The stock closed on 11 March at 372.6p, posting a range of 370.1p – 376.2p. As of writing on 12 March, the stock’s selling has continued unabated, and it now trades at 363.6p.
What is Driving IAG Share Price Forecasts Right Now?
1) Jet A1 fuel shock, directly linked to the oil price spike, is the dominant headwind confronting IAG and other airlines. Airlines typically operate on fine margins, depending mostly on passenger traffic for revenue and profitability. Therefore, they are highly prone to margin knocks from higher fuel prices or lower-than-expected passenger numbers. In this situation, many airlines could be forced to raise prices to stay afloat and also face the potential dilemma of pricing out certain passenger segments. Such margin compression is what is now leading to cautious guidance from several airlines.
2. Pass-through Rates: Airlines typically respond to rising costs by raising ticket prices and adjusting capacity. While this helps to build resilience in earnings, the typical market response to such shocks is to sell. Only when consideration is given to evidence that the adjustments in capacity and pricing have had a positive impact does sectoral demand return. The IAG’s share price is currently in a sell phase.

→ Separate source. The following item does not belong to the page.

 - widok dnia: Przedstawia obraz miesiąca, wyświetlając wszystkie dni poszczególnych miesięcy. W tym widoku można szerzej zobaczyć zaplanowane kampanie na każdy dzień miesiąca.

IAG Share Price Forecasts: What to Look For this Week
As a trader, what should you be watching as a fundamental driver of price action?

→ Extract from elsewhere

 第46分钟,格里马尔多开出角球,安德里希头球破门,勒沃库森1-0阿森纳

a) Direction of oil prices and by extension, Jet A1 fuel. Elevated oil prices mean Jet A1 will remain expensive, keeping the IAG share price under pressure. Due to the high sensitivity of airline stocks to fuel prices, even minor retracements can lead to price recovery.
b) Price hike information: If there is information that passengers are adapting positively to hikes in ticket prices, this will help stabilize the IAG share price ticker.

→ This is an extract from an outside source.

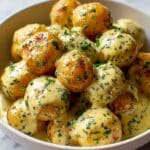 These creamy garlic sauce baby potatoes are a comforting and flavorful side dish perfect for any meal. Tender baby potatoes are coated in a rich, garlicky cream sauce and finished with Parmesan and fresh parsley for a delightful finish.

c) News about operational disruptions: It is normal for flight cancellations and disruptions to follow the events that have taken place in the Middle East recently. Most of this has already been priced in. However, new escalations in the geopolitical space could result in extensive disruptions, which would typically increase the risk premia associated with the aviation industry.
IAG Share Price Forecast Scenarios
Base case: the bias is for price to continue a choppy stabilization towards the downside, as long as fuel prices remain elevated. The expectation is for the stock to range-trade between 370-380p as the market seeks clarity on the oil market and the ticket price pass-through impact.
Bull case: a rebound from current lows, but this depends on a pullback in oil prices and Jet A1 fuel costs. This scenario will also depend on the sectoral narrative shifting to a focus on pass-through effects and the ability to retain passenger traffic at higher prices. The price impact will be a return to the 390-400p range, which is a recent support zone.
Bear case: more extensive travel disruptions and renewed spikes in oil prices and aviation fuel costs will add more pressure on the IAG share price. This shift will cause a market repricing to the downside, as the narrative now focuses on guidance, demand risks, and margin compression. The low 360s will beckon once more, with a potential to push towards the mid-340s.
IAG Share Price Forecast: Technical Outlook
The breakdown of the 367.6 support and 38.2% Fibonacci retracement of the 2 March-9 March downswing has allowed for a bearish push towards the 358.6 support which houses the 3 March and 6 March prior lows. If this support is degraded, the bears will be on their way to a reclaim of the 9 March low at 344.0.

On the other hand, the bulls must defend the 358.6 support to give the stock a chance at recovery, with 367.5 needing to be uncapped before upside targets at 374.9 and 382.2 become visible.